EXERCISE DIRECTIONS: Only the lines from the one containing "同事務所には8月より所属し、" through the end of the entries are to be copied, exactly and without pictures, please.

[Data entries]
● ● ● ● ● ● ●

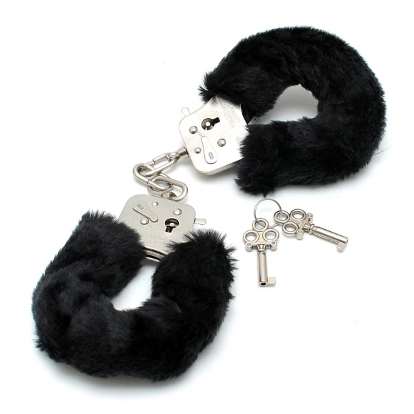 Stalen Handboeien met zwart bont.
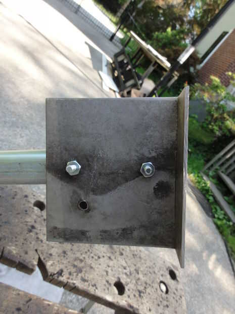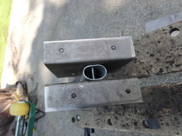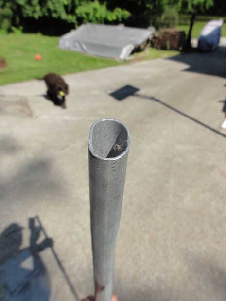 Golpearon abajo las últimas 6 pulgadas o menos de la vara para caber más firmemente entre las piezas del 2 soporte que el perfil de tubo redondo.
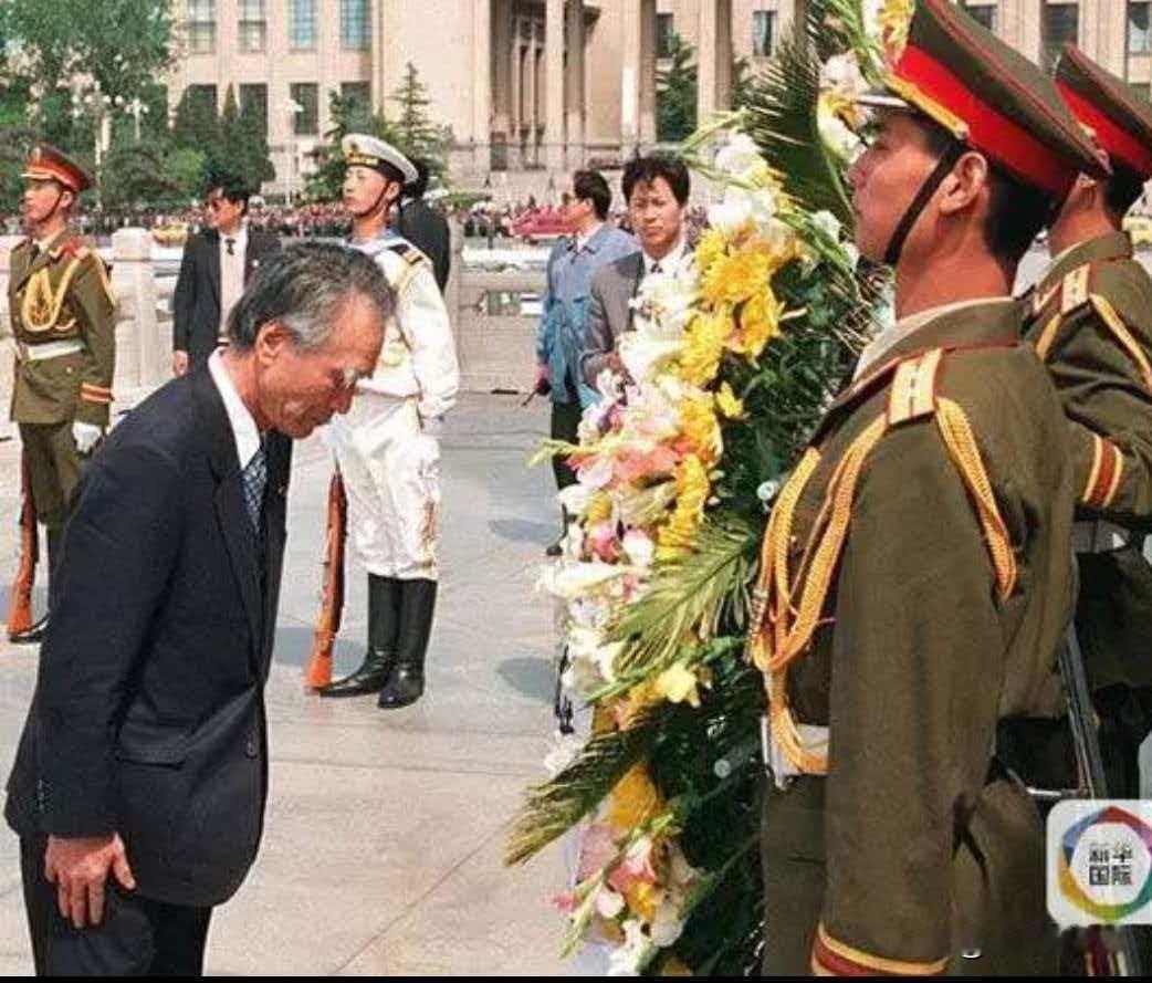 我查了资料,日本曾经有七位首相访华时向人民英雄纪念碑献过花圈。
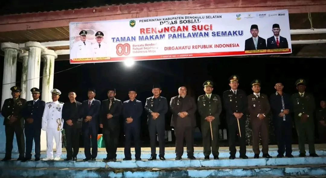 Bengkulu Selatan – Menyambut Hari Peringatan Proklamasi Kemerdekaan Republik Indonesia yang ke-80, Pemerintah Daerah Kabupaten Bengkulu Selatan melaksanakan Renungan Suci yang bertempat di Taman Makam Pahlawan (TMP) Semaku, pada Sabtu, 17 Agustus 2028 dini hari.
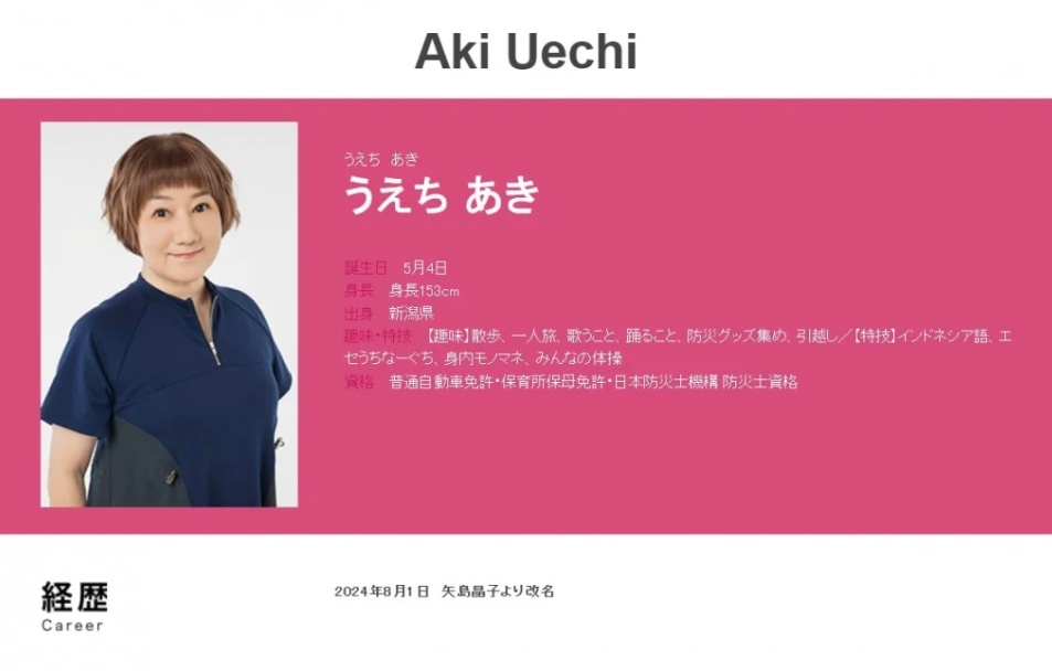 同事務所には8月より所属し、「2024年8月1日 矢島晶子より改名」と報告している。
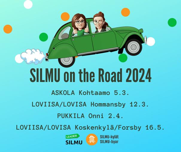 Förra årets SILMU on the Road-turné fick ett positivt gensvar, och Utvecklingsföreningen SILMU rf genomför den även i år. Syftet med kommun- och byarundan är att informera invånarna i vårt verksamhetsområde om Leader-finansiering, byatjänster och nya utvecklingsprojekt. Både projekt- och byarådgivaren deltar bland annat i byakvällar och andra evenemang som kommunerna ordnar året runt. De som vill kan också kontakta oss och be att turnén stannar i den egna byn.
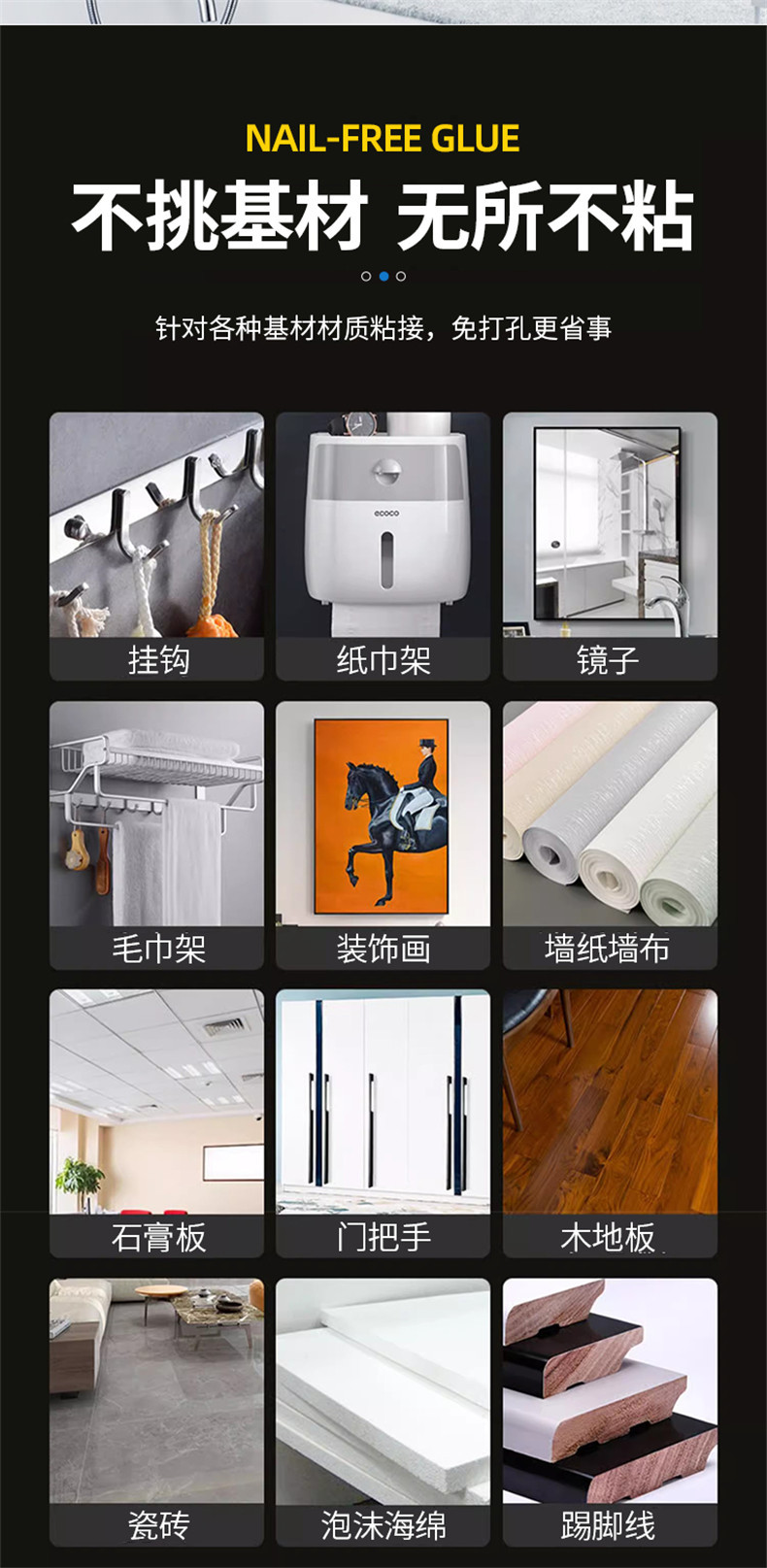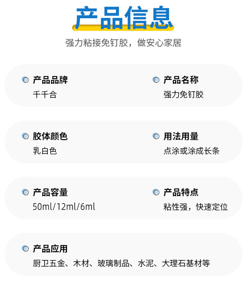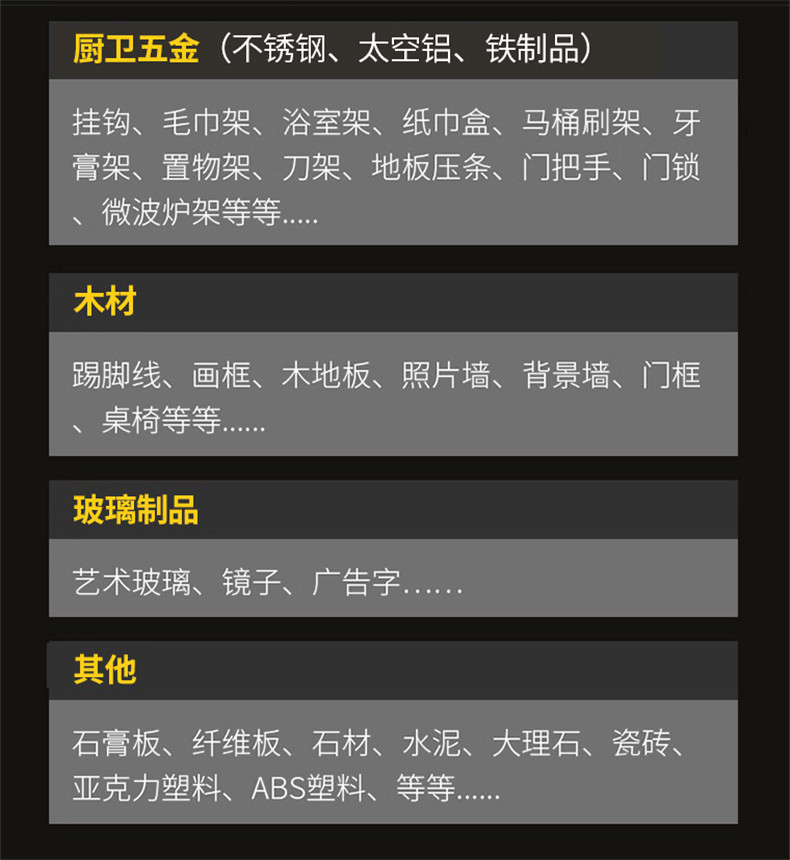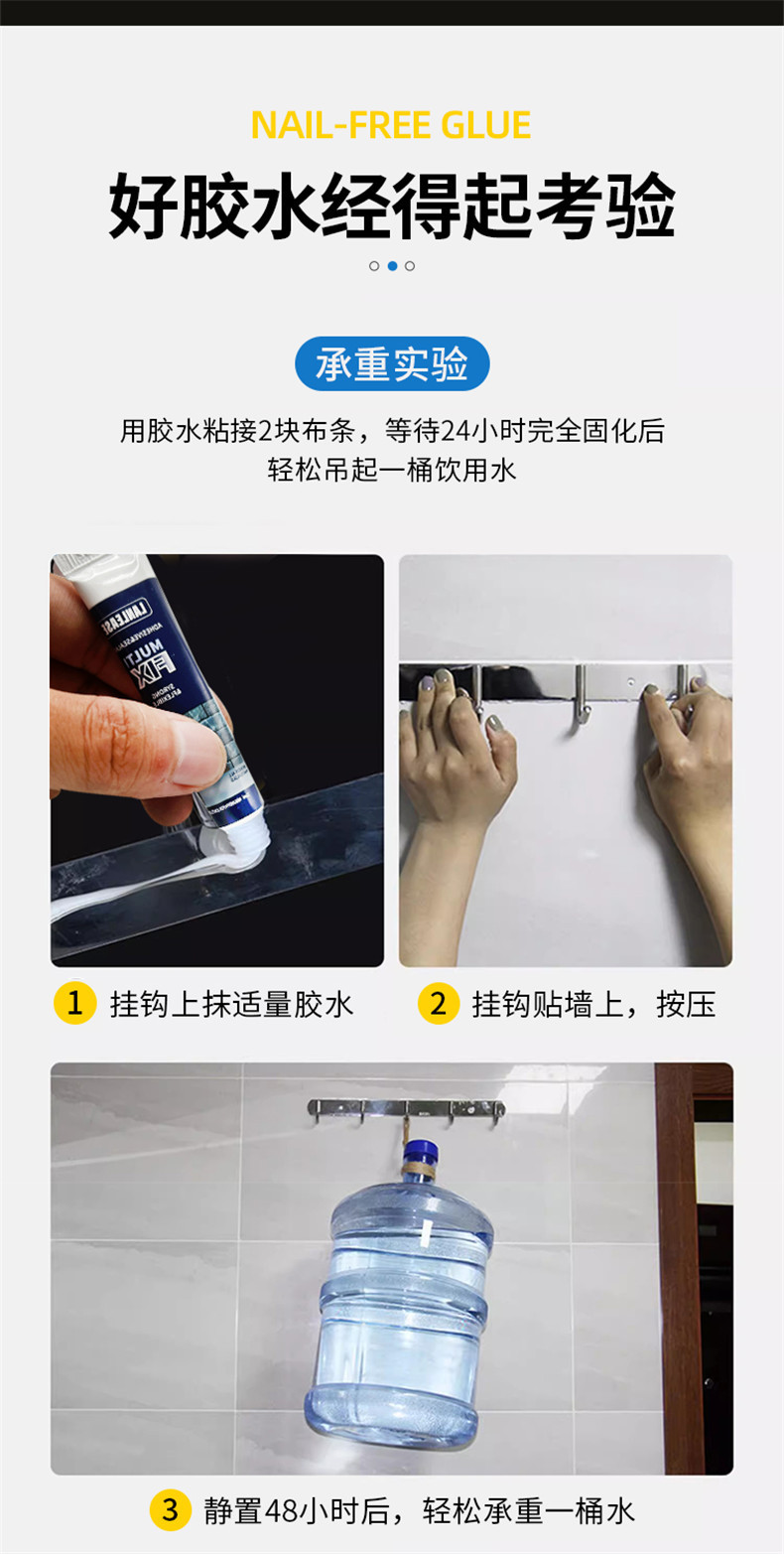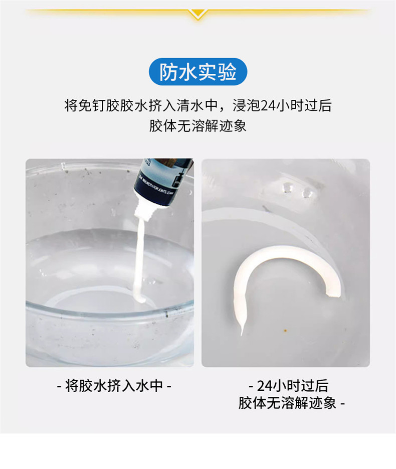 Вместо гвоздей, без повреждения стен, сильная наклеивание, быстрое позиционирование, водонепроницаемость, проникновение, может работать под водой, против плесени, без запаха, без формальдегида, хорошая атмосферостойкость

● ● ● ● ● ● ●

OUTPUT OF THE EXERCISE:
 同事務所には8月より所属し、「2024年8月1日 矢島晶子より改名」と報告している。
 Förra årets SILMU on the Road-turné fick ett positivt gensvar, och Utvecklingsföreningen SILMU rf genomför den även i år. Syftet med kommun- och byarundan är att informera invånarna i vårt verksamhetsområde om Leader-finansiering, byatjänster och nya utvecklingsprojekt. Både projekt- och byarådgivaren deltar bland annat i byakvällar och andra evenemang som kommunerna ordnar året runt. De som vill kan också kontakta oss och be att turnén stannar i den egna byn.
 Вместо гвоздей, без повреждения стен, сильная наклеивание, быстрое позиционирование, водонепроницаемость, проникновение, может работать под водой, против плесени, без запаха, без формальдегида, хорошая атмосферостойкость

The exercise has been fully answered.